Figure 1: Citation Source Overlap: Number of citations found in multiple sources and number of citations found uniquely in only one source.

Table 2: Percent overlap between Scythe sources
Source Total Citations % in PLOS % in Scopus % in Springer % in xDD
PLOS 40 100.0 30.0 0.0 0.0
Scopus 706 1.7 100.0 10.3 16.6
Springer 191 0.0 38.2 100.0 0.5
xDD 327 0.0 36.1 0.3 100.0

Scopus found 503 unique citations not found in any other digital libraries. Springer found 117, PLOS 28, and xDD 208 unique citations respectfully. The total number of unique citations returned by scythe is 1060.

6.2 Do Dataset Citations Differ Among Research Disciplines?
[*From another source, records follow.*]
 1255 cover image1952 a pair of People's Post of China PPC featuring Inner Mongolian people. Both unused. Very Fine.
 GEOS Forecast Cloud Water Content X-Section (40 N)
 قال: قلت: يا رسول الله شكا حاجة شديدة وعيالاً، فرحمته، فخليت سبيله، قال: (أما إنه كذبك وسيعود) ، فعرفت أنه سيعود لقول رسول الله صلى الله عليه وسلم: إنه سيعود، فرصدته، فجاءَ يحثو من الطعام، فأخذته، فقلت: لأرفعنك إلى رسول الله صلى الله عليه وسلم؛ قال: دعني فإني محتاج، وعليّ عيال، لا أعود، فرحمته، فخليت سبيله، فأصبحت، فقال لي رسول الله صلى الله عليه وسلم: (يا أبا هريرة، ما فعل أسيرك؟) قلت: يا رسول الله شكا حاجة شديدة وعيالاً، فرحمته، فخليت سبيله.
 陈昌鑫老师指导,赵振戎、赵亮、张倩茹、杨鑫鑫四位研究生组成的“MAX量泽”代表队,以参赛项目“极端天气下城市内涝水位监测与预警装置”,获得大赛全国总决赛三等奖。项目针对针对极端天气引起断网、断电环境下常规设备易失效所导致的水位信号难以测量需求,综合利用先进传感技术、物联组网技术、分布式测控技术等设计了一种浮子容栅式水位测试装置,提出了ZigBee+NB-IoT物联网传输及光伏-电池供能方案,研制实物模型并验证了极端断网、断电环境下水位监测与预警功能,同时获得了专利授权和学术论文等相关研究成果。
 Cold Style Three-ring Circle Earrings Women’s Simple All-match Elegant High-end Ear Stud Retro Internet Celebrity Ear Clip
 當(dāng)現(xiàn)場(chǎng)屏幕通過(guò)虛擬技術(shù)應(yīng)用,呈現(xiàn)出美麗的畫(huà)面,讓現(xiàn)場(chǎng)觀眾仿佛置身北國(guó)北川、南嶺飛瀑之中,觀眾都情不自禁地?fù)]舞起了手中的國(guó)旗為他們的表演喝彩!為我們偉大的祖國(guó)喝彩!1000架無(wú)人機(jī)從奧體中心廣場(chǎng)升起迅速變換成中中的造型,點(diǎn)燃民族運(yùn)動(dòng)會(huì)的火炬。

The Arctic Data Center uses a semantic ontology to classify academic disciplines of datasets. Datasets can be labeled with up to 5 disciplines. This enables datasets to be more easily found with search terms. The ADC’s ontology can be found here: https://bioportal.bioontology.org/ontologies/ADCAD/?p=classes&conceptid=root.

Note

DOI (Digital Object Identifier) is one system of unique persistent identification (PID). Different PIDs may be used in different academic disciplines. For example, genetics/bioinformatic studies often use accession numbers from the GenBank repository to uniquely label DNA and protein sequences. This analysis is limited to citations specifically using DOIs; citations using dataset titles or other PIDs are not included.

Code
# Meld manual dataset discipline categorization with Solr categories
disc_adc <- read_csv(file.path(output_directory, 
                               paste0("solr_adc_", date, "_disc.csv"))) %>% 
  select(1,3:7) # remove data uploaded column

# read in manual dataset discipline classifications. Remove extra columns
disc_manual <- read_csv(file.path(data_dir, "adc-discipline-2022-10-27.csv"))[1:6]
colnames(disc_manual)[1] <- "dataset_id"

# merge discipline classifications, prioritize my own manual classifications for 
# sake of this analysis.
# There is a better way to do this, I just need to get this done 
disc_all <- full_join(disc_manual, disc_adc) %>% 
  mutate(disc_cat_1 = ifelse(is.na(disc_cat_1), category_1, disc_cat_1),
         disc_cat_2 = ifelse(is.na(disc_cat_2), category_2, disc_cat_2),
         disc_cat_3 = ifelse(is.na(disc_cat_3), category_3, disc_cat_3),
         disc_cat_4 = ifelse(is.na(disc_cat_4), category_4, disc_cat_4),
         disc_cat_5 = ifelse(is.na(disc_cat_5), category_5, disc_cat_5)
  ) %>% 
  select(-c(category_1, category_2, category_3, category_4, category_5)) %>% 
  mutate(dataset_id = sub(pattern = "^doi:{1}", dataset_id, replacement = "" ))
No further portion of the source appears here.